**Your assignment**
Could you return all of the entries word for word, minus any pictures?

Stored items
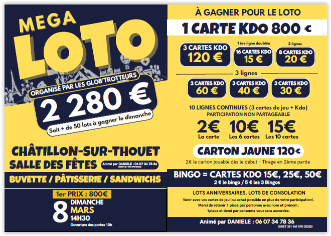 Renseignements et inscriptions au 05 49 63 12 98. En espérant vous voir nombreux !
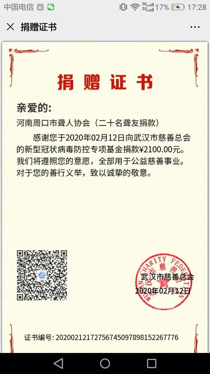 2月12日,2100元的捐款轉(zhuǎn)到了武漢市慈善總會(huì),這是來(lái)自河南周口市聾人協(xié)會(huì)20名聾友的一份愛(ài)心。
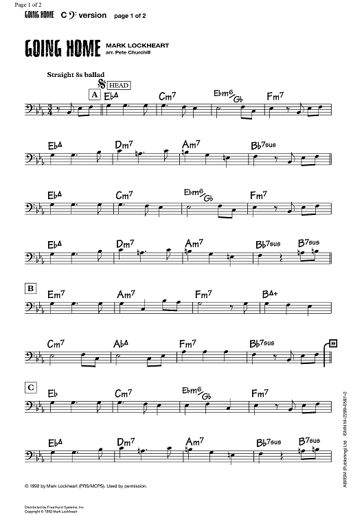 Digital Sheet Music for Going Home - C Instruments by Pete Churchill, Mark Lockheart scored for Lead Sheet; id:355663
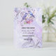 Bela tonalidade de roxo claro 5x7 salvar a data de casamento, com um par de pássaros azuis entre lilases roxos e rosados
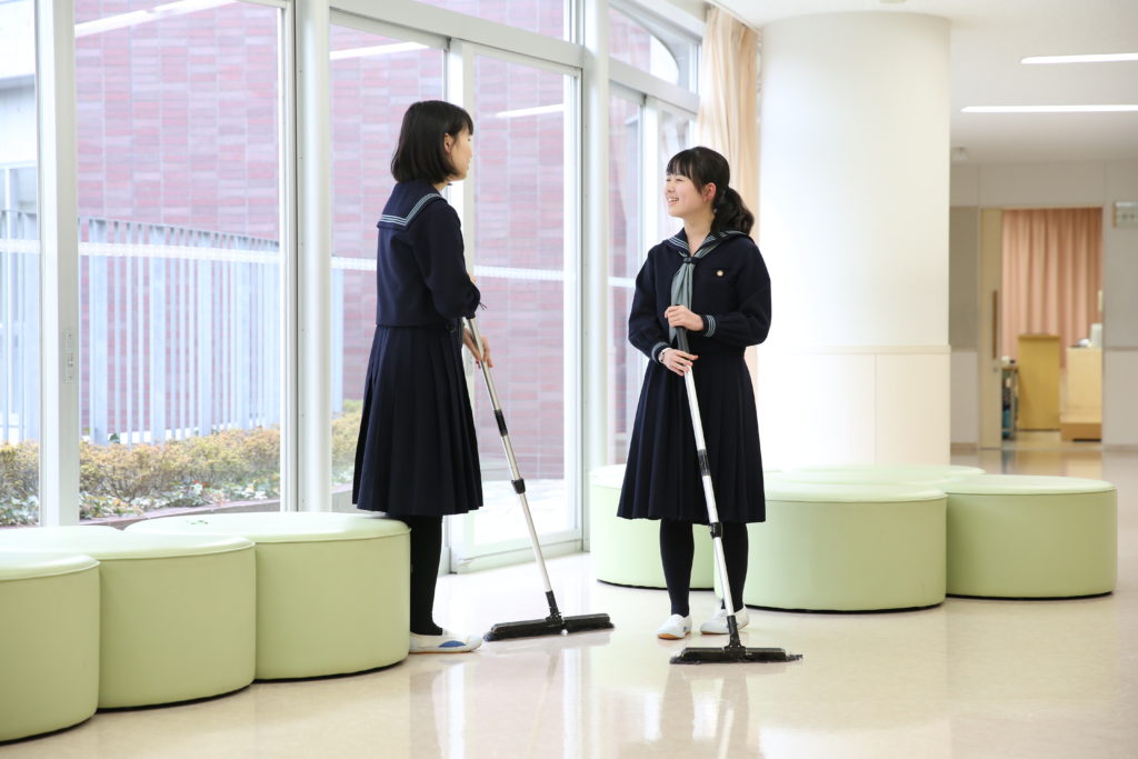 キレイな校舎は生徒の努力で保たれています。みんなで協力し合い、素早くしっかりすみずみまで清掃する時間です。
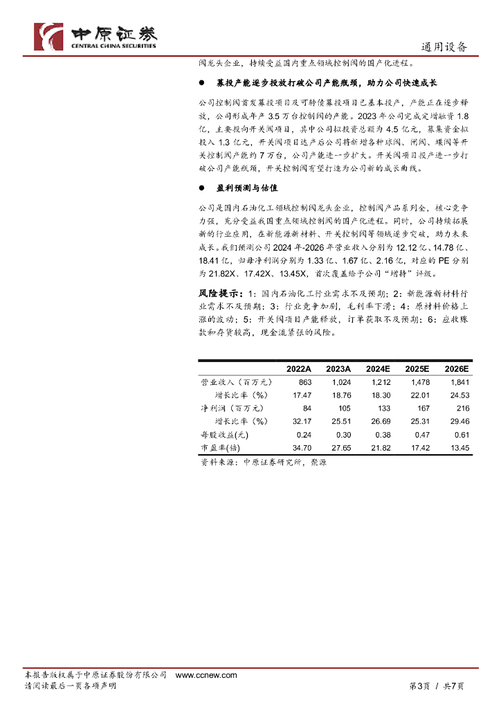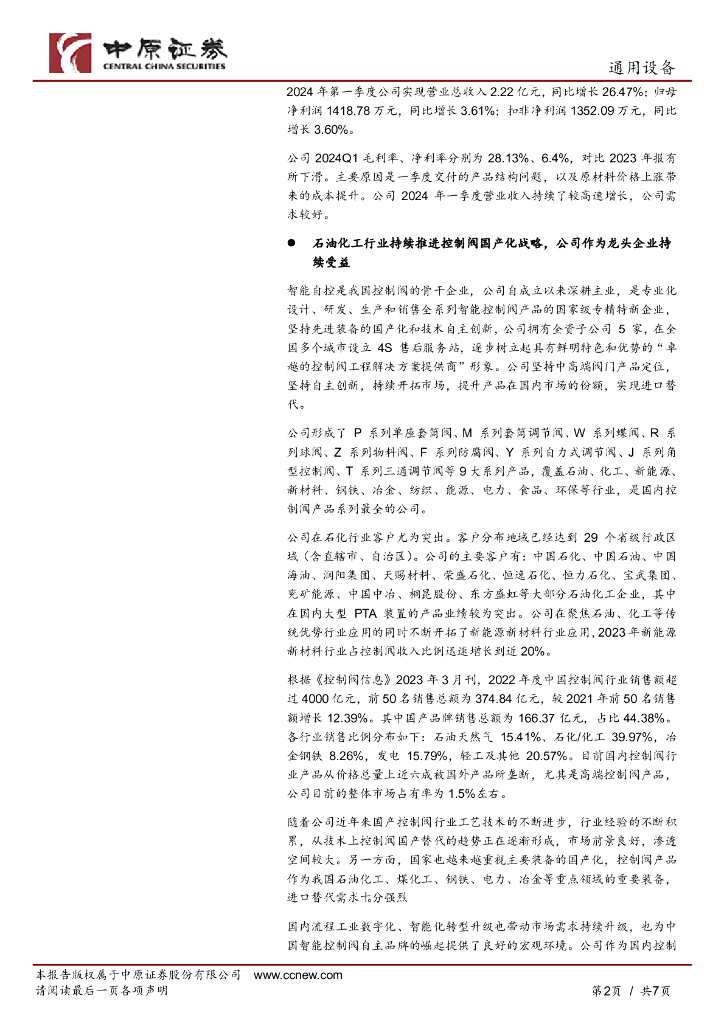 中原证券:智能自控(002877)-2023年报&2024一季报点评:受益国产化推进控制阀龙头高速成长,募投产能投放助力业绩增长.pdf

**Expected output**
 Renseignements et inscriptions au 05 49 63 12 98. En espérant vous voir nombreux !
 2月12日,2100元的捐款轉(zhuǎn)到了武漢市慈善總會(huì),這是來(lái)自河南周口市聾人協(xié)會(huì)20名聾友的一份愛(ài)心。
 Digital Sheet Music for Going Home - C Instruments by Pete Churchill, Mark Lockheart scored for Lead Sheet; id:355663
 Bela tonalidade de roxo claro 5x7 salvar a data de casamento, com um par de pássaros azuis entre lilases roxos e rosados
 キレイな校舎は生徒の努力で保たれています。みんなで協力し合い、素早くしっかりすみずみまで清掃する時間です。
 中原证券:智能自控(002877)-2023年报&2024一季报点评:受益国产化推进控制阀龙头高速成长,募投产能投放助力业绩增长.pdf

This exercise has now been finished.